I would be grateful to receive your input on the step by step of how to calculate the r values, either with deep tools or with bedtools or another tool. This would help me very much to validate my method and be assured that the values I get are not incorrect due to an incorrect normalization.

Many thanks!

correlation ChIP-Seq pearson • 2.9k views

ADD COMMENT • link updated 6.6 years ago by jomo018 ▴ 730 • written 6.6 years ago by Zee_S ▴ 60

0

Entering edit mode

So which steps are you doing exactly ? I just follow the Galaxy training ChIP-seq tutorial which is rather nice : http://galaxyproject.github.io/training-material/topics/chip-seq/tutorials/tal1-binding-site-identification/tutorial.html

So far results have been very sensible. However, it could be your replicates are screwed up, because on the wet lab side ChIP-seq is really hard.

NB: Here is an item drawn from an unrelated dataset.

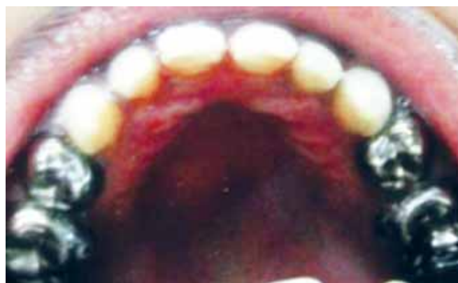
Fig. 9: Postoperative maxillary occlusal view

were acid-etched for 30 seconds with 37% H_3PO_4 (Total etch, Vivadent) thoroughly washed and dried with cotton pellets. Single bond adhesive system (3M/ESPE) was applied for 20 seconds on the enamel and dentin and light cured for 10 seconds. The composite resin veneers were then covered with flowable composite and positioned onto teeth. The excess composite being removed with a scaler, followed by gentle air stream and light cured twice as long (80 second) as recommended by the manufacturer. After placement of all restorations, the occlusion was checked and adjusted to correct vertical dimension (Figs 9 to 11). After the restorative procedure, the patients dentin

ADD REPLY • link 6.6 years ago by colindaven 7.0k

0

Entering edit mode

Hello Colin, Thanks a lot of your reply. I looked at the link you sent me.. thank you! It looks like the tool mentioned here for correlation is the deep tools multibamsummary tool followed by plot correlation tool. I am wandering if this tool normalizes the bam files for sequencing depth or library size? or is it just a raw count? this is actually not mentioned in the documentation.

Ideally I would like to look at the correlation, not between individual bam files, rather between the [IP/Input] enrichment for two replicates. Im not sure mutibamsummary can do this. Any ideas?

ADD REPLY • link 6.6 years ago by Zee_S ▴ 60

1

Entering edit mode

In that case, if multibamsummary can't handle groups of multiple bam files, just combine the IP and input bams into IP.bam and input.bam, then run again. I wouldn't recommend this, replicates are there for a very very good reason.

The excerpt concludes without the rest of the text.